The country with the most customers is the USA with almost twice as many as Canada, this is also reflected in total sales.  Some other countries have higher average sales or average customer total sales, like Czech Republic.  Countries with only 1 customer have all been placed in "Other" category, and together they have sales of 1094, slightly higher than the USA, but this is the combined total from 15 countries.

In [67]:
%%sql
SELECT a.name artist,
       COUNT(DISTINCT(plt.playlist_id)) number_of_playlists
  FROM playlist_track plt
 INNER JOIN track t
    ON plt.track_id = t.track_id
 INNER JOIN album al
    ON t.album_id = al.album_id
 INNER JOIN artist a
    ON al.artist_id = a.artist_id
 GROUP BY artist
 ORDER BY number_of_playlists DESC
 LIMIT 5;
 


Done.


artist,number_of_playlists
Eugene Ormandy,7
Academy of St.

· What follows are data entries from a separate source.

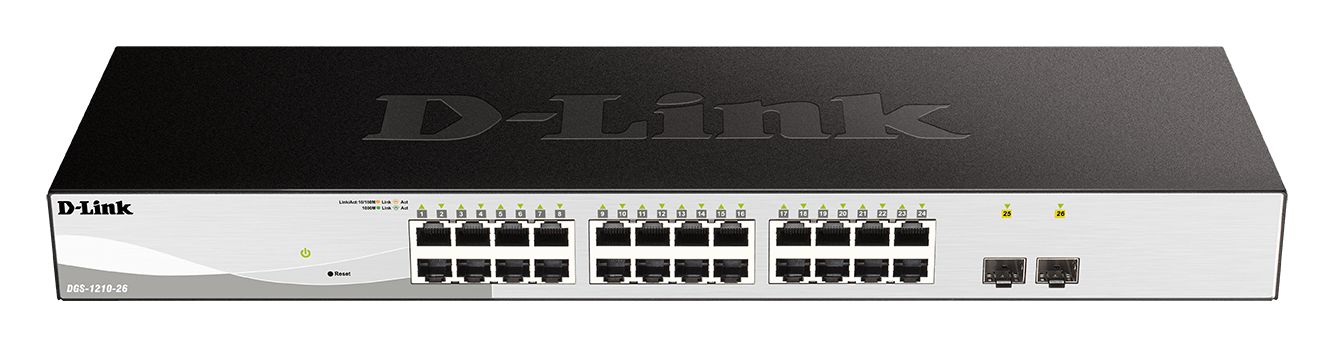This is Managed Smart 26 Port Smart Switch EU manufactured by D-Link. The manufacturer part number is DGS-1210-26/E. The given dimensions of the product include 440 x 140 x 44mm. It includes 24 RJ45 ports . It has a gigabit network speed class . The product dgs-1210 series, is a highly preferred choice for users. This product features 26 number of ports. The plug is a highly reliable eu with long service life. In addition, the height is 44mm. It has a power over ethernet PoE feature included no . Furthermore, the product is 440mm wide. The product comes in 440mm depth. It has a model 26-port gigabit smart managed switch. It is offered with 2 SFP ports . It is designed with 10/100/1000mbit/s of network speed . Quality product with a smart switch type.
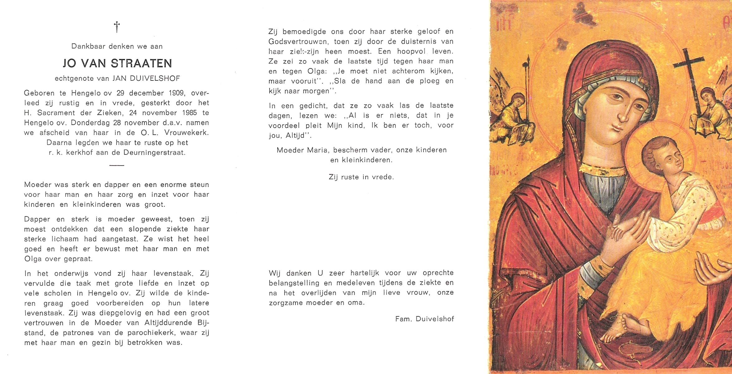 STRAATEN, van, Jo, geboren op 29-12-1909 te Hengelo (O), overleden op 24-11-1985 te Hengelo (Ov.) op 75-jarige leeftijd, begraven op 28-11-1985 te Hengelo (Ov.).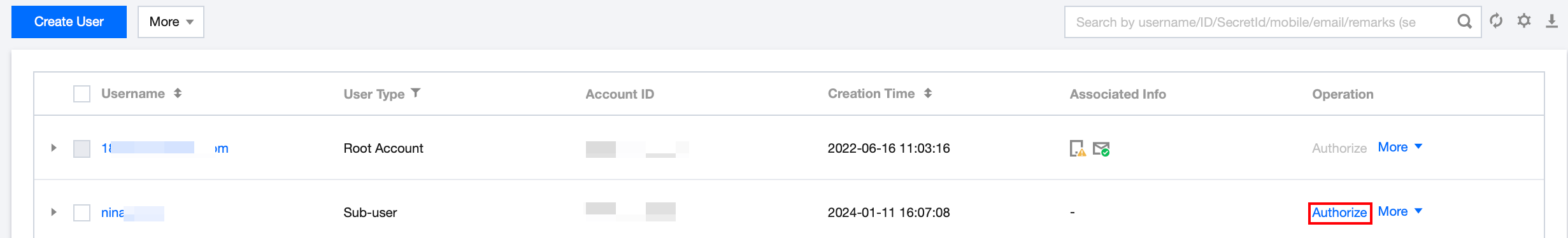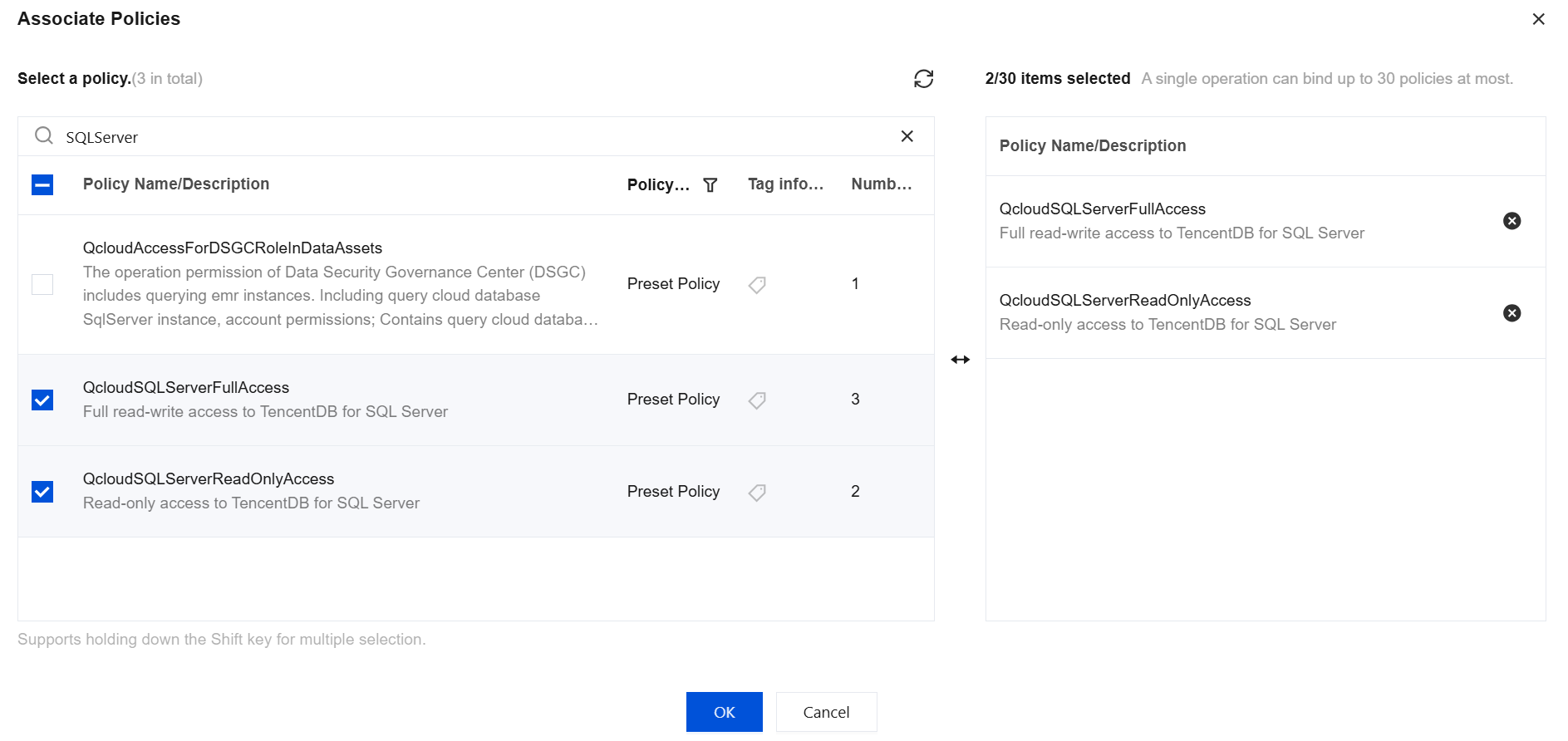 1. Log in to the CAM console as the primary account, select the corresponding sub-user in the user list, and click Authorize. 2. In the pop-up dialog box, select the QcloudSQLServerFullAccess TencentDB for SQL Server Full Read/Write Access Permissions or QcloudSQLServerReadOnlyAccess TencentDB for SQL Server Read-Only Access Permissions preset policy, click OK to complete the sub-user authorization.

Martin in the Fields & Sir Neville Marriner,6
Berliner Philharmoniker & Herbert Von Karajan,6
English Concert & Trevor Pinnock,6
The King's Singers,6


## Artists in Playlists

The artist in the most playlists is Eugene Ormandy with 7.

In [121]:
%%sql

SELECT CASE
           WHEN il.track_id IS NULL THEN "Not purchased"
           ELSE "Purchased"
           END AS was_purchased,
        COUNT(DISTINCT(t.track_id)) count,
        CAST(COUNT(DISTINCT(t.track_id)) as float) / (SELECT COUNT(*)
           FROM track) percentage
  FROM track t
  LEFT JOIN invoice_line il
    ON t.track_id = il.track_id
 GROUP BY was_purchased


Done.


was_purchased,count,percentage
Not purchased,1697,0.4844419069369112
Purchased,1806,0.5155580930630888


## Purchased Tracks

Roughly half of all tracks available have been purchased.

In [125]:
%%sql

SELECT mt.name,
       COUNT(*),
       ROUND(CAST(COUNT(*) AS float) / (SELECT COUNT(*)
                                    FROM track), 2) percentage
  FROM track t
 INNER JOIN media_type mt
    ON t.media_type_id = mt.media_type_id
 GROUP BY mt.name
 

Done.


name,COUNT(*),percentage
AAC audio file,11,0.0
MPEG audio file,3034,0.87
Protected AAC audio file,237,0.07
Protected MPEG-4 video file,214,0.06
Purchased AAC audio file,7,0.0


In [140]:
%%sql

SELECT COUNT(*) number_tracks_sold,
        CASE
          WHEN mt.name LIKE "%Protected%" THEN "Protected"
          ELSE "Unprotected"
          END AS protection,
       ROUND(CAST(COUNT(*) AS float) / (SELECT COUNT(*)
                                    FROM invoice_line), 2) percentage
  FROM invoice_line il
  LEFT JOIN track t
    ON il.track_id = t.track_id
  LEFT JOIN media_type mt
    ON t.media_type_id = mt.media_type_id
 GROUP BY protection

Done.


number_tracks_sold,protection,percentage
442,Protected,0.09
4315,Unprotected,0.91


## Protected VS Unprotected

Protected music files make up about 13% of all tracks available in the music store, less than 10% of track sales.  Protection is not likely to affect popularity.